これらの変更は、GoのアセンブラがFUNCDATAディレクティブの引数として、レジスタオフセット(D_OREG)を正しく認識できるようにするためのものです。これは、アセンブリコード内でGCマップのデータがレジスタオフセットとして参照される新しいパターンに対応するために必要でした。この変更がなければ、アセンブラは新しいFUNCDATAの記述を構文エラーとして処理してしまいます。

src/pkg/runtime/asm_*.s の変更

  1. gcargs_reflectcall<> の定義: このデータセクションは、reflect.callXX関数に渡される引数のポインタ情報をGCに伝えます。

    • $1 (0x00オフセット): スタックマップの数を指定します。ここでは1つのスタックマップが定義されています。
    • $6 (0x04オフセット): 引数のビットマップの長さを指定します。これは、3つの引数(各2ビットで表現されるため、3 * 2 = 6ビット)に対応します。
    • $(const_BitsPointer+(const_BitsPointer<<2)+(const_BitsScalar<<4)) (0x08オフセット): これが引数のポインタビットマップの具体的な値です。
      • const_BitsPointer: 最初の引数がポインタであることを示します。
      • const_BitsPointer<<2: 2ビット左シフトすることで、2番目の引数がポインタであることを示します。
      • const_BitsScalar<<4: 4ビット左シフトすることで、3番目の引数がスカラー(ポインタではない)であることを示します。 このビットマップは、reflect.Callが内部的に扱う引数(通常、関数ポインタ、引数データへのポインタ、引数サイズ)の型情報と一致するように設計されています。GCはこれを見て、スタック上のどの位置にポインタが存在し、どの位置がスカラー値であるかを正確に判断できます。
  2. gclocals_reflectcall<> の定義: このデータセクションは、reflect.callXXフレーム内のローカル変数のポインタ情報をGCに伝えます。

    • $1 (0x00オフセット): スタックマップの数を指定します。
    • $0 (0x04オフセット): ローカル変数の数を指定します。reflect.callXX関数は、その性質上、独自のローカル変数をほとんど持たないため、ここでは0が設定されています。
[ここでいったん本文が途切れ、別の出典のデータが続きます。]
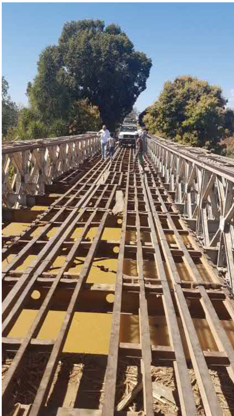
IMMAGINE SIMBOLO DELLA DIFFICOLTÀ DEI TRASPORTI IN MADAGASCAR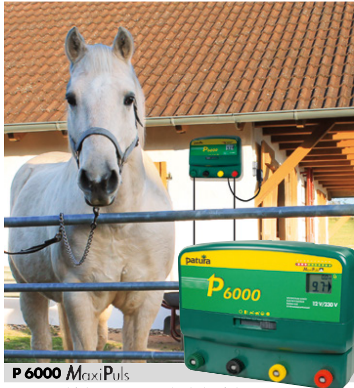
P 6000 MaxiPuls

Das PATURA Multifunktions-Gerät mit MaxiPuls-Technologie für lange Zäune mit stärkerem Bewuchs für Rinder, Schafe, Pferde und Wildabwehr; 10-stufige Zaun- und Batteriekontrolle, 6-Stufenschalter, Tiefentladeschutz; Digitalanzeige zur Zaun-, Erdungs- und Batteriekontrolle; Erdungskontrolle über Referenzterde; inkl. 230 V Netzteil, 12 V Edelstahl-Anschlusskabel und Zaun-/Erdkabelset, Ladeenergie: 20,0 Joule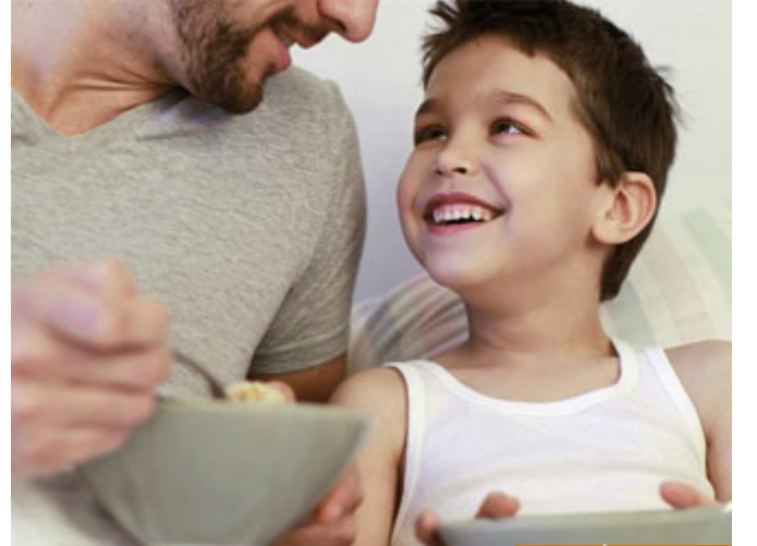
الميل للصغير أمر فطري

لكن أحياناً العدل لا يقتضي المساواة، لديك ابن في الجامعة في السنة الثالثة في الطب ولديك ابن في الصف الأول الابتدائي، فقلت: والله من المساواة والعدل أن أعطي الجميع المبلغ نفسه، فقال طالب الطب: يا أبت عندي اليوم امتحان عملي أحتاج إلى مئة دينار من أجل شراء المستلزمات، خذ مئة، فذهبت إلى الصغير في الصف الأول وأعطيته مئة حتى تعدل! هذا ليس عدلاً، هذه مساواة، العدل أن تعطي كل شخص ما يحتاجه، الآن الكبير بحاجة مال، الصغير بحاجة مصروف بسيط ليشتري به حلوى من المدرسة، هذا العدل، فالعدل ليس مساواةً دائماً، العدل أن تعطي كل شخص ما يحتاجه، حتى لا نخلط بين العدل والمساواة.

これにより、GCはこれらのフレームでローカル変数をスキャンする必要がないことを認識します。
  3. FUNCDATA ディレクティブの追加: CALLFNマクロ内にFUNCDATA $FUNCDATA_ArgsPointerMaps,gcargs_reflectcall<>(SB)FUNCDATA $FUNCDATA_LocalsPointerMaps,gclocals_reflectcall<>(SB)が追加されたことで、これらのGCマップがreflect.callXX関数に明示的に関連付けられました。これにより、Goランタイムは、これらの関数が実行されている間、GCがスタックをスキャンするために必要なすべてのポインタ情報を利用できるようになります。
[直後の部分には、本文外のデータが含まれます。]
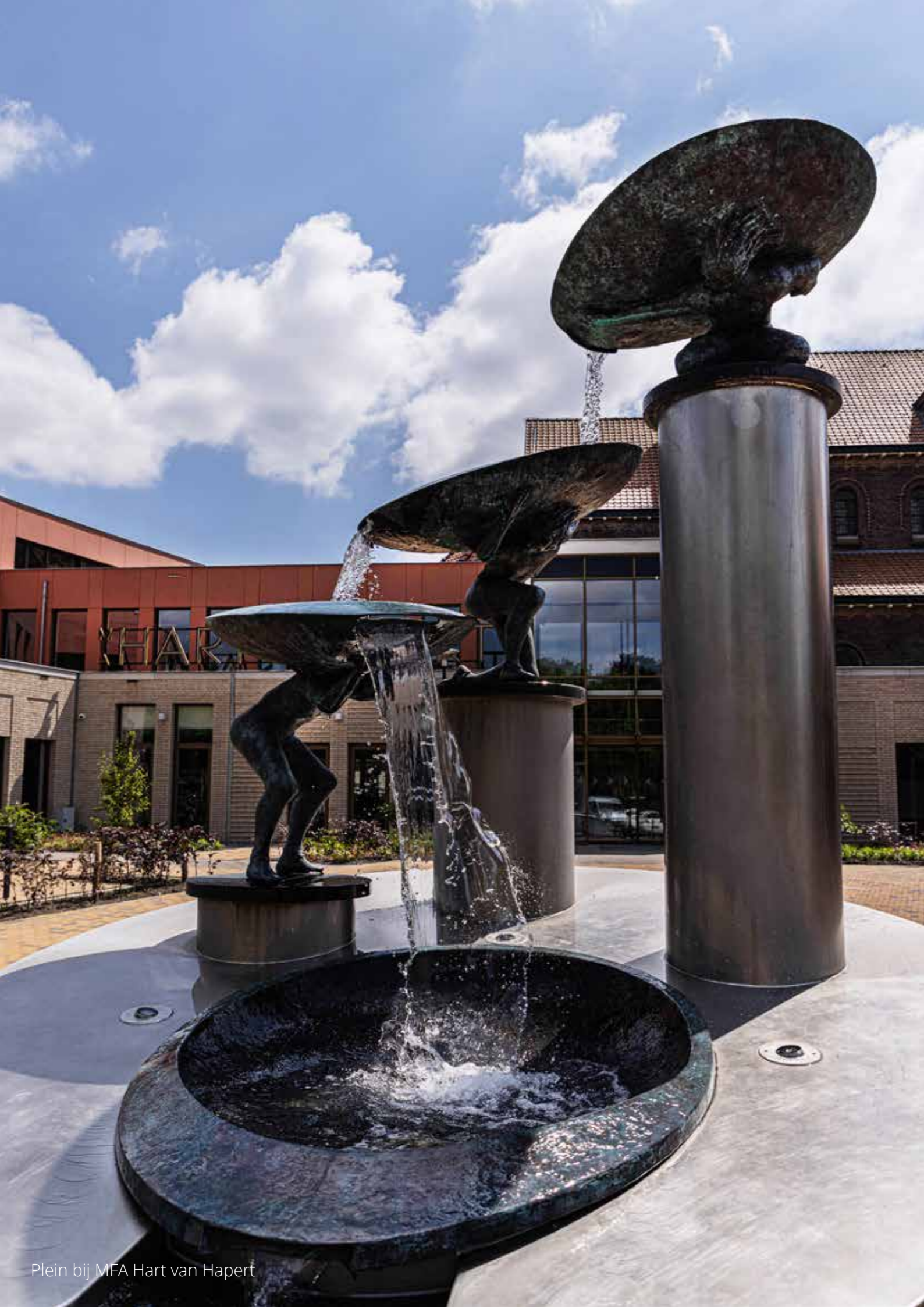
Plein bij MFA Hart van Hapert

  4. PCDATA ディレクティブの追加: PCDATA $PCDATA_StackMapIndex, $0は、CALL命令の直前でスタックマップのインデックスを0に設定します。これは、GCがスタックをスキャンする際に、特定のプログラムカウンタ(PC)値におけるスタックの状態(どのスタックマップを使用すべきか)を正確に判断できるようにするための重要な情報です。これにより、GCは動的な関数呼び出しの途中でスタックをスキャンする際にも、ポインタの正確な位置を把握できます。
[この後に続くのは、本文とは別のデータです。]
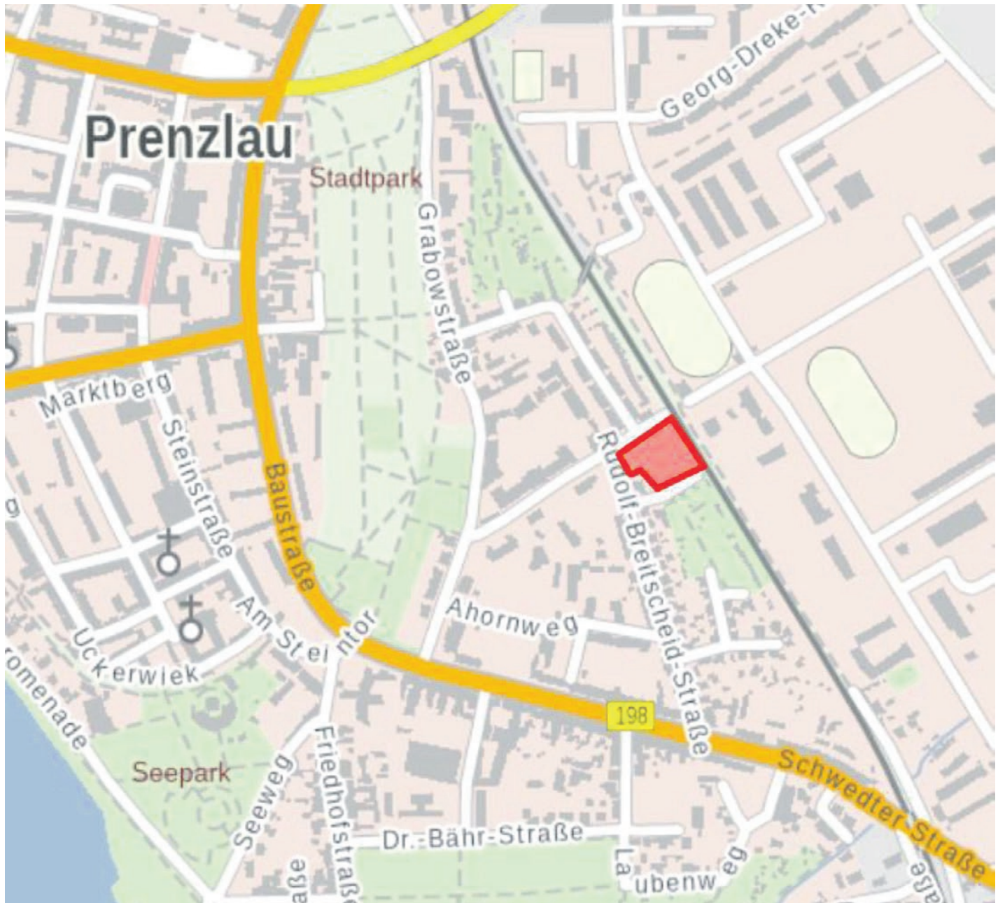
Lage des Plangebietes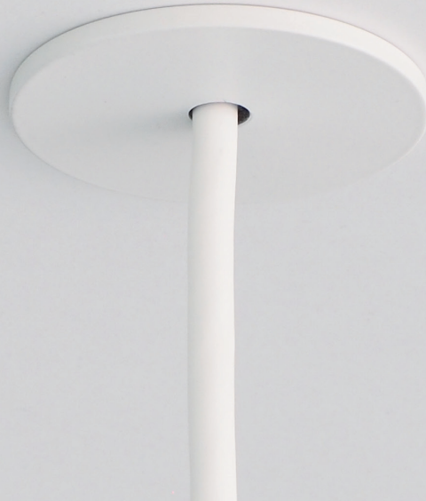
IMAGE : Only One Muni-Flat mount Matte White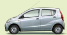
Arktissilber Perleffekt (S28)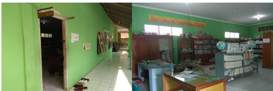
Perpustakaan Madrasah Aliyah Negeri Lima Puluh Batubara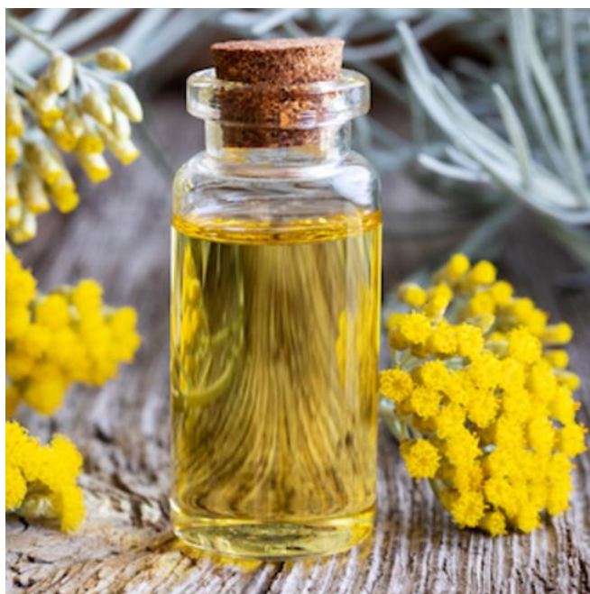
Slika 7: Eterično ulje smilja

čimbenicima (Ninčević i sur., 2019) kao što su izloženost suncu i nadmorska visina na kojoj biljka raste (Ćavar Zeljković i sur., 2015).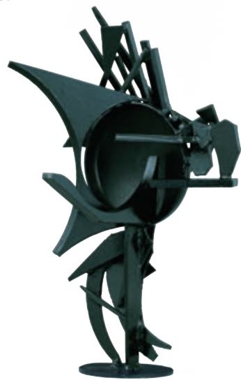
デイヴィッド・スミス《8月の大鴉》1960年 David SMITH, August Raven , 1960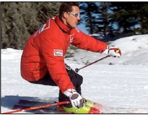
تفاقم الحالة الصحية لشوماخر

في منتجع ميريبيل في جبال الالب الفرنسية. ويرقد شوماخر منذ تعرضه لحادث التزلج في جبال الالب الفرنسية في المستشفى حيث وضع في غيبوبة مصطنعة لتخفيف الضغط عن دماغه بسبب الإصابة الخطيرة التي تعرض لها بعدما ارتطم رأسه بصخرة بعد سقوطه خلال تزلجه خارج المسار في محطة ميريبيل للتزلج. وتحطمت الخوذة التي كان يرتديها سائق فيراري السابق الى تصفيين قبل ان ينقل الى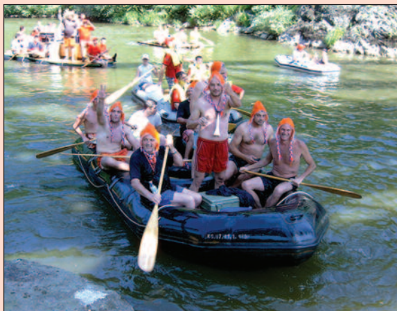
Спуст Ибром остаје у незаборавном сећању

Уочи „Веселог спуста“ по којем је Краљево постало препознатљиво широм Србије биће одржано и пар пропратних манифестација. У петак, 1. јула, на Градском базену ће у 18 часова бити одржане „Веселе игре“, а од 21 сат на Тргу српских ратника концерт ће приредити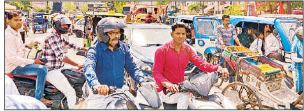
नवीन पुल के रास्ते में जाम में फंसे वाहन सवार।

これらの変更は、GoのGCがreflectパッケージを介した動的な関数呼び出しのスタックフレームをより正確に処理できるようにするための基盤を確立し、Goプログラムのメモリ安全性と安定性を向上させます。

関連リンク

参考にした情報源リンク

  • Goの公式ドキュメント
  • Goのソースコード(特にsrc/pkg/runtimeディレクトリ)
  • Goのガベージコレクションに関する技術記事やブログ
  • Goのアセンブリに関する解説記事
  • GoのIssueトラッカー(ただし、#8030は直接見つからず、コミットメッセージからの推測)
  • Web検索 (例: "Go reflect.callXX gc maps", "Go FUNCDATA PCDATA")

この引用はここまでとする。